INPUT FOR THIS TASK Block Start
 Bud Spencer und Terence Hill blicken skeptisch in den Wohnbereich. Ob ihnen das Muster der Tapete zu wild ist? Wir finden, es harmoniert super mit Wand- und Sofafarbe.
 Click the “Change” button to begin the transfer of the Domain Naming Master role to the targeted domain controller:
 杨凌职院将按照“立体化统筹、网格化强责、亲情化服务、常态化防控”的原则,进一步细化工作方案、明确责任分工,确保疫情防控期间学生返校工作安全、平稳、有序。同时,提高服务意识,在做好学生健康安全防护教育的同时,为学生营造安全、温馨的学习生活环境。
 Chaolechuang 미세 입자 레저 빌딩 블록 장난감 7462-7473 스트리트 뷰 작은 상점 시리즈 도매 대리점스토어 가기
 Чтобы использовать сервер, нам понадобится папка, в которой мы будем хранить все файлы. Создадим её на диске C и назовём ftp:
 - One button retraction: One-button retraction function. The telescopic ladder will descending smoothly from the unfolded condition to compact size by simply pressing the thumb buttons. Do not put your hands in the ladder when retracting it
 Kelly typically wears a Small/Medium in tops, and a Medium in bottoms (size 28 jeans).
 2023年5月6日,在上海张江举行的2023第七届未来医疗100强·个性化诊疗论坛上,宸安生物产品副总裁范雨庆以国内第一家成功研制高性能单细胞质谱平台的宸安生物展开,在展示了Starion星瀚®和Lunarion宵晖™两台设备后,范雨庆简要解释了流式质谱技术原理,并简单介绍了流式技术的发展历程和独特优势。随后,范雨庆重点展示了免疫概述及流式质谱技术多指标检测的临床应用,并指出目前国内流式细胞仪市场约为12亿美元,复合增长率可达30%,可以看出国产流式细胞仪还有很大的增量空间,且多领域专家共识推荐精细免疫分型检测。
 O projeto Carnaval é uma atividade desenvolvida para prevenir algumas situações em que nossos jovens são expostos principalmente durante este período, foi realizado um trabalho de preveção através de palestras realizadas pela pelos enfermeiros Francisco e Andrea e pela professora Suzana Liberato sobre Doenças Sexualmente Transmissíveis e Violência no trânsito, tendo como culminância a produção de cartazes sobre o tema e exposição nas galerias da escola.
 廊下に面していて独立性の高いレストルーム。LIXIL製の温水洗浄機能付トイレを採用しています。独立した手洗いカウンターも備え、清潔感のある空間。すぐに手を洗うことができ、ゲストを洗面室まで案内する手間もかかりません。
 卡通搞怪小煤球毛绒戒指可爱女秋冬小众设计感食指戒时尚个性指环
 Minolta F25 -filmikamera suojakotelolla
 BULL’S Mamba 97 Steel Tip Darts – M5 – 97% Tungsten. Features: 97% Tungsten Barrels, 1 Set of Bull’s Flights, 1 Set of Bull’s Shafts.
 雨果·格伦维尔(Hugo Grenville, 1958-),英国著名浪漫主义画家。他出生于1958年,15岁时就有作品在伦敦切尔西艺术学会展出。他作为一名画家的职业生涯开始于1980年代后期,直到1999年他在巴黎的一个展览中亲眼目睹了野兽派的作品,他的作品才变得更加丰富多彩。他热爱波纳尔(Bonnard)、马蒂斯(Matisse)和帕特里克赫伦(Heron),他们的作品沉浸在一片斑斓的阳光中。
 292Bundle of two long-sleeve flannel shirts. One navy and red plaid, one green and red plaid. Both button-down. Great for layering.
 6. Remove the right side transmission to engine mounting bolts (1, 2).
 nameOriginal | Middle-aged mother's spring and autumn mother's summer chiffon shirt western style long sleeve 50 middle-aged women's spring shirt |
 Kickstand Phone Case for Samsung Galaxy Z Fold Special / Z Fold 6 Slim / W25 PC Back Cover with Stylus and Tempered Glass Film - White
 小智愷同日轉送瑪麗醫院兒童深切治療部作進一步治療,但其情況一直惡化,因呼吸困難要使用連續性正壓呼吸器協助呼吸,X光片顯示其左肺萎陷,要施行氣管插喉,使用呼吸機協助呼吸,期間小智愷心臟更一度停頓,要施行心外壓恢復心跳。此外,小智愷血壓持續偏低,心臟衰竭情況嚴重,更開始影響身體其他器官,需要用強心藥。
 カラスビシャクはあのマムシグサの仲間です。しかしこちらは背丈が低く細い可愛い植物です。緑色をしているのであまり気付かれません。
INPUT FOR THIS TASK Block End
ACTIVITY:
Up to and including the line containing "292Bundle of two", please write out the listing exactly, starting from its first line.

RESULT OF THIS EXERCISE:
 Bud Spencer und Terence Hill blicken skeptisch in den Wohnbereich. Ob ihnen das Muster der Tapete zu wild ist? Wir finden, es harmoniert super mit Wand- und Sofafarbe.
 Click the “Change” button to begin the transfer of the Domain Naming Master role to the targeted domain controller:
 杨凌职院将按照“立体化统筹、网格化强责、亲情化服务、常态化防控”的原则,进一步细化工作方案、明确责任分工,确保疫情防控期间学生返校工作安全、平稳、有序。同时,提高服务意识,在做好学生健康安全防护教育的同时,为学生营造安全、温馨的学习生活环境。
 Chaolechuang 미세 입자 레저 빌딩 블록 장난감 7462-7473 스트리트 뷰 작은 상점 시리즈 도매 대리점스토어 가기
 Чтобы использовать сервер, нам понадобится папка, в которой мы будем хранить все файлы. Создадим её на диске C и назовём ftp:
 - One button retraction: One-button retraction function. The telescopic ladder will descending smoothly from the unfolded condition to compact size by simply pressing the thumb buttons. Do not put your hands in the ladder when retracting it
 Kelly typically wears a Small/Medium in tops, and a Medium in bottoms (size 28 jeans).
 2023年5月6日,在上海张江举行的2023第七届未来医疗100强·个性化诊疗论坛上,宸安生物产品副总裁范雨庆以国内第一家成功研制高性能单细胞质谱平台的宸安生物展开,在展示了Starion星瀚®和Lunarion宵晖™两台设备后,范雨庆简要解释了流式质谱技术原理,并简单介绍了流式技术的发展历程和独特优势。随后,范雨庆重点展示了免疫概述及流式质谱技术多指标检测的临床应用,并指出目前国内流式细胞仪市场约为12亿美元,复合增长率可达30%,可以看出国产流式细胞仪还有很大的增量空间,且多领域专家共识推荐精细免疫分型检测。
 O projeto Carnaval é uma atividade desenvolvida para prevenir algumas situações em que nossos jovens são expostos principalmente durante este período, foi realizado um trabalho de preveção através de palestras realizadas pela pelos enfermeiros Francisco e Andrea e pela professora Suzana Liberato sobre Doenças Sexualmente Transmissíveis e Violência no trânsito, tendo como culminância a produção de cartazes sobre o tema e exposição nas galerias da escola.
 廊下に面していて独立性の高いレストルーム。LIXIL製の温水洗浄機能付トイレを採用しています。独立した手洗いカウンターも備え、清潔感のある空間。すぐに手を洗うことができ、ゲストを洗面室まで案内する手間もかかりません。
 卡通搞怪小煤球毛绒戒指可爱女秋冬小众设计感食指戒时尚个性指环
 Minolta F25 -filmikamera suojakotelolla
 BULL’S Mamba 97 Steel Tip Darts – M5 – 97% Tungsten. Features: 97% Tungsten Barrels, 1 Set of Bull’s Flights, 1 Set of Bull’s Shafts.
 雨果·格伦维尔(Hugo Grenville, 1958-),英国著名浪漫主义画家。他出生于1958年,15岁时就有作品在伦敦切尔西艺术学会展出。他作为一名画家的职业生涯开始于1980年代后期,直到1999年他在巴黎的一个展览中亲眼目睹了野兽派的作品,他的作品才变得更加丰富多彩。他热爱波纳尔(Bonnard)、马蒂斯(Matisse)和帕特里克赫伦(Heron),他们的作品沉浸在一片斑斓的阳光中。
 292Bundle of two long-sleeve flannel shirts. One navy and red plaid, one green and red plaid. Both button-down. Great for layering.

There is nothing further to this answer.